━━━ Entries provided
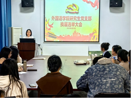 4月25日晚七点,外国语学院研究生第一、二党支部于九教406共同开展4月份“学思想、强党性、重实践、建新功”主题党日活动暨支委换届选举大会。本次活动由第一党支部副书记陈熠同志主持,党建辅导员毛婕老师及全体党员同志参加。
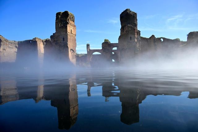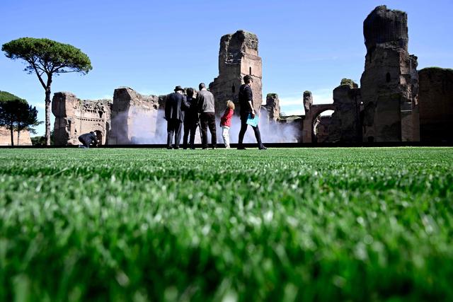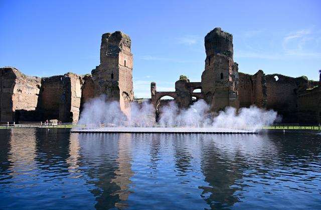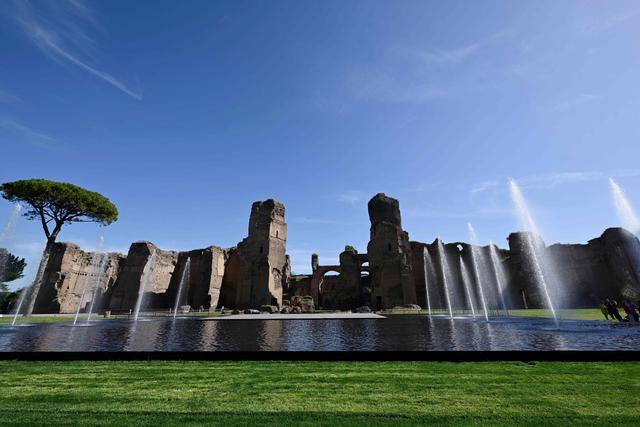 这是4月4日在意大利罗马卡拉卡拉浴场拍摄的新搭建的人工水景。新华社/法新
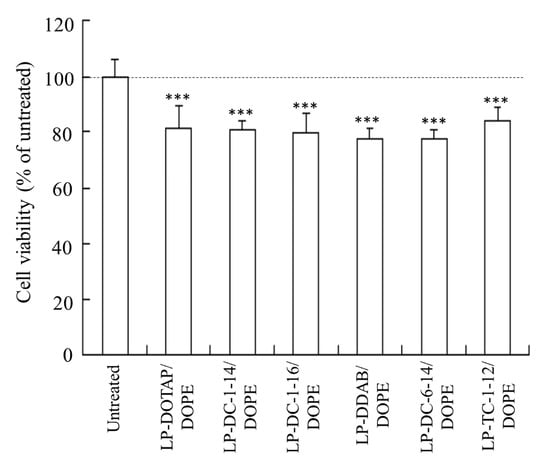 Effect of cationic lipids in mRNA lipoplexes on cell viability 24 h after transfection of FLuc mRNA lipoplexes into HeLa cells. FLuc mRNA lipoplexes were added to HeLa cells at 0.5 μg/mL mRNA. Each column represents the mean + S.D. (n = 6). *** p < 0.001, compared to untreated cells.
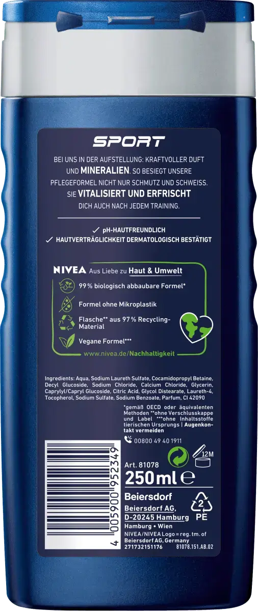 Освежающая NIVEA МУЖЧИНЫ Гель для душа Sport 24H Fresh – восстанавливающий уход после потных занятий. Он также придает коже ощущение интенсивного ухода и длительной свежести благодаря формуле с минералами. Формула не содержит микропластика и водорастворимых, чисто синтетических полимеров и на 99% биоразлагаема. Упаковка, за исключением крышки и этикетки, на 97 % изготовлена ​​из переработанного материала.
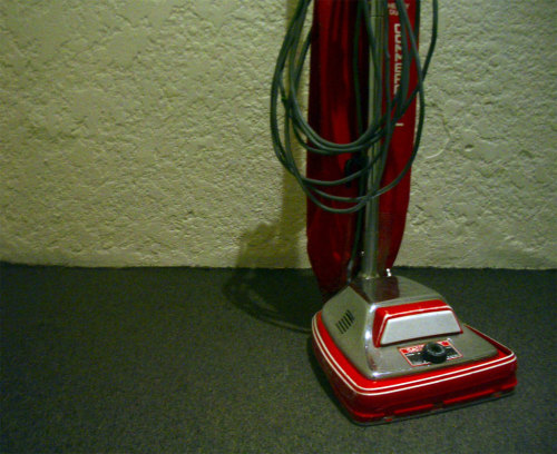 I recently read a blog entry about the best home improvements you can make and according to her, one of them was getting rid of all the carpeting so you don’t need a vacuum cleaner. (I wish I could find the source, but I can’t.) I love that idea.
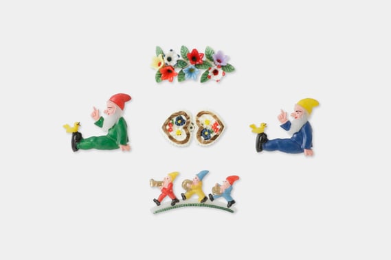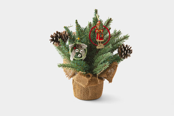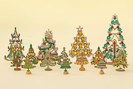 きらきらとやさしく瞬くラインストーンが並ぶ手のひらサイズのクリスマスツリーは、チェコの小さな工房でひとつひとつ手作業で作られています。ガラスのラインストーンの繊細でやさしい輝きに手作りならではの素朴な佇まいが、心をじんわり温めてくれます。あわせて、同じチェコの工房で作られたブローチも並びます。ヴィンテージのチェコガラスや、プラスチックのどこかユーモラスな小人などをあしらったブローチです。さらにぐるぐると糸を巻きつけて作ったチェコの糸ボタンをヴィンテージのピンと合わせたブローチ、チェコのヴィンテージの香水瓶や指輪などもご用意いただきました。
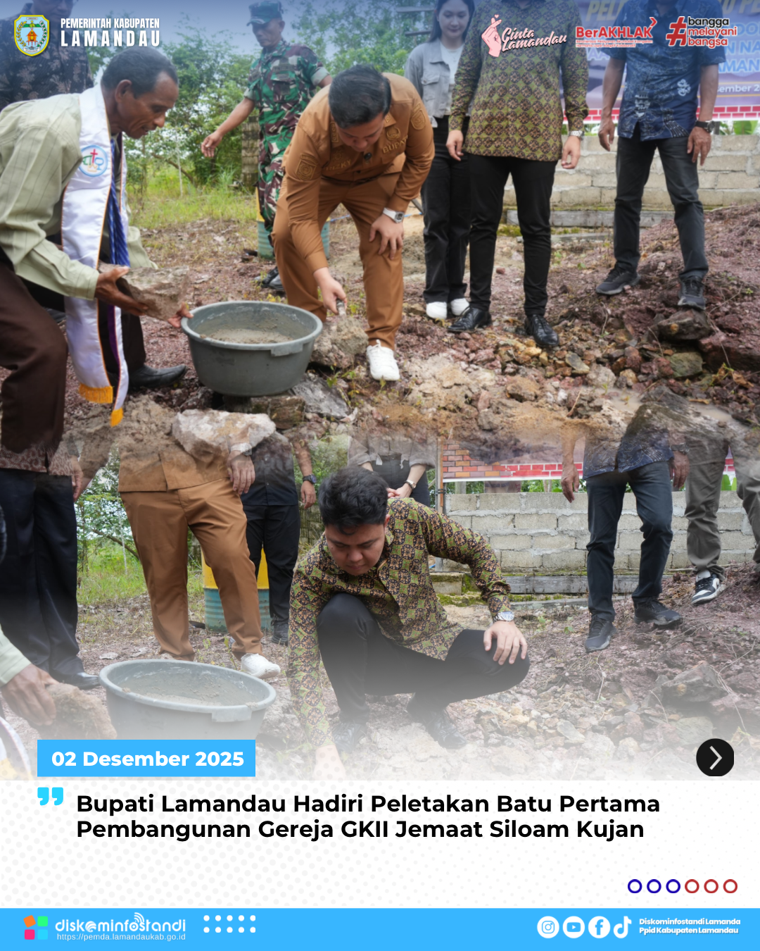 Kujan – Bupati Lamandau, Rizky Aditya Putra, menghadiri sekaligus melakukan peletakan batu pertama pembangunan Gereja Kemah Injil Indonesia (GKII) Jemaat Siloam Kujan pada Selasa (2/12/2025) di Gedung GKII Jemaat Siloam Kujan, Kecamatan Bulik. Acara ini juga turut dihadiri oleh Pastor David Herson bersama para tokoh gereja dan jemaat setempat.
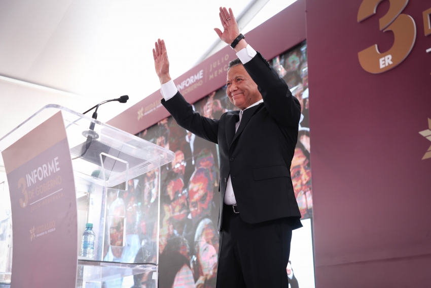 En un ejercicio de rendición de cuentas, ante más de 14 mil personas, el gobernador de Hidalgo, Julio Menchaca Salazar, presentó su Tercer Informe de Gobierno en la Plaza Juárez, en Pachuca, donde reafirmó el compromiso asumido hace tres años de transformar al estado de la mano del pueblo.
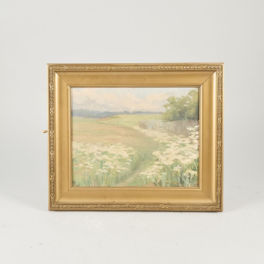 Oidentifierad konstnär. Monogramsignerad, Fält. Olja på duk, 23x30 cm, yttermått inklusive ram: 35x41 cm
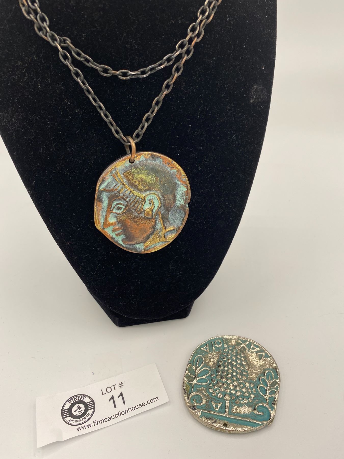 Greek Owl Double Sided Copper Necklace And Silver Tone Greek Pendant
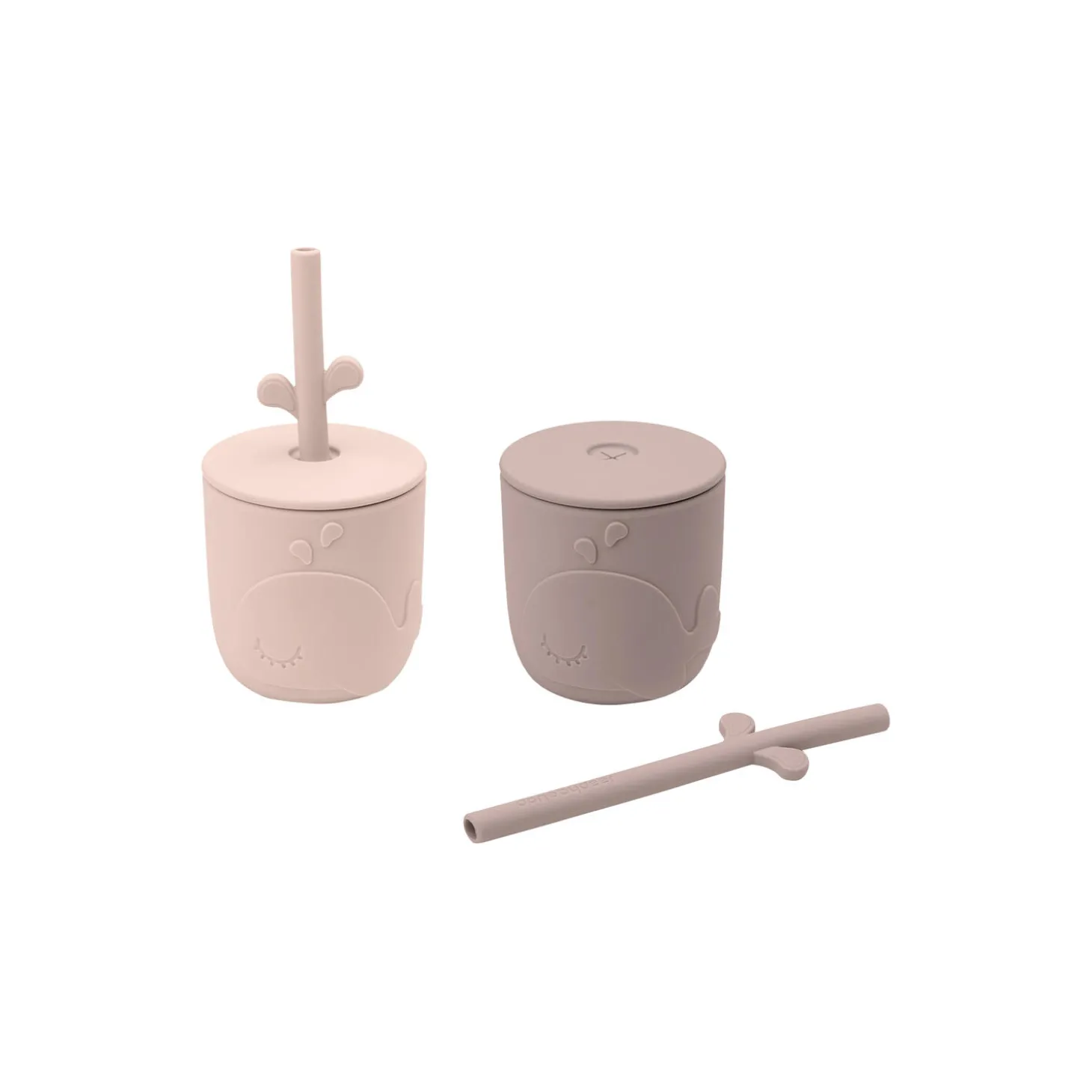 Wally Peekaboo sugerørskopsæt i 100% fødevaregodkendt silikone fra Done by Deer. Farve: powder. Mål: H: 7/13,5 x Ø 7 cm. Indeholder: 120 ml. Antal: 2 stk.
━━━━━━
When you reach an image, pass over it, and retype all other material exactly.

 4月25日晚七点,外国语学院研究生第一、二党支部于九教406共同开展4月份“学思想、强党性、重实践、建新功”主题党日活动暨支委换届选举大会。本次活动由第一党支部副书记陈熠同志主持,党建辅导员毛婕老师及全体党员同志参加。
 这是4月4日在意大利罗马卡拉卡拉浴场拍摄的新搭建的人工水景。新华社/法新
 Effect of cationic lipids in mRNA lipoplexes on cell viability 24 h after transfection of FLuc mRNA lipoplexes into HeLa cells. FLuc mRNA lipoplexes were added to HeLa cells at 0.5 μg/mL mRNA. Each column represents the mean + S.D. (n = 6). *** p < 0.001, compared to untreated cells.
 Освежающая NIVEA МУЖЧИНЫ Гель для душа Sport 24H Fresh – восстанавливающий уход после потных занятий. Он также придает коже ощущение интенсивного ухода и длительной свежести благодаря формуле с минералами. Формула не содержит микропластика и водорастворимых, чисто синтетических полимеров и на 99% биоразлагаема. Упаковка, за исключением крышки и этикетки, на 97 % изготовлена ​​из переработанного материала.
 I recently read a blog entry about the best home improvements you can make and according to her, one of them was getting rid of all the carpeting so you don’t need a vacuum cleaner. (I wish I could find the source, but I can’t.) I love that idea.
 きらきらとやさしく瞬くラインストーンが並ぶ手のひらサイズのクリスマスツリーは、チェコの小さな工房でひとつひとつ手作業で作られています。ガラスのラインストーンの繊細でやさしい輝きに手作りならではの素朴な佇まいが、心をじんわり温めてくれます。あわせて、同じチェコの工房で作られたブローチも並びます。ヴィンテージのチェコガラスや、プラスチックのどこかユーモラスな小人などをあしらったブローチです。さらにぐるぐると糸を巻きつけて作ったチェコの糸ボタンをヴィンテージのピンと合わせたブローチ、チェコのヴィンテージの香水瓶や指輪などもご用意いただきました。
 Kujan – Bupati Lamandau, Rizky Aditya Putra, menghadiri sekaligus melakukan peletakan batu pertama pembangunan Gereja Kemah Injil Indonesia (GKII) Jemaat Siloam Kujan pada Selasa (2/12/2025) di Gedung GKII Jemaat Siloam Kujan, Kecamatan Bulik. Acara ini juga turut dihadiri oleh Pastor David Herson bersama para tokoh gereja dan jemaat setempat.
 En un ejercicio de rendición de cuentas, ante más de 14 mil personas, el gobernador de Hidalgo, Julio Menchaca Salazar, presentó su Tercer Informe de Gobierno en la Plaza Juárez, en Pachuca, donde reafirmó el compromiso asumido hace tres años de transformar al estado de la mano del pueblo.
 Oidentifierad konstnär. Monogramsignerad, Fält. Olja på duk, 23x30 cm, yttermått inklusive ram: 35x41 cm
 Greek Owl Double Sided Copper Necklace And Silver Tone Greek Pendant
 Wally Peekaboo sugerørskopsæt i 100% fødevaregodkendt silikone fra Done by Deer. Farve: powder. Mål: H: 7/13,5 x Ø 7 cm. Indeholder: 120 ml. Antal: 2 stk.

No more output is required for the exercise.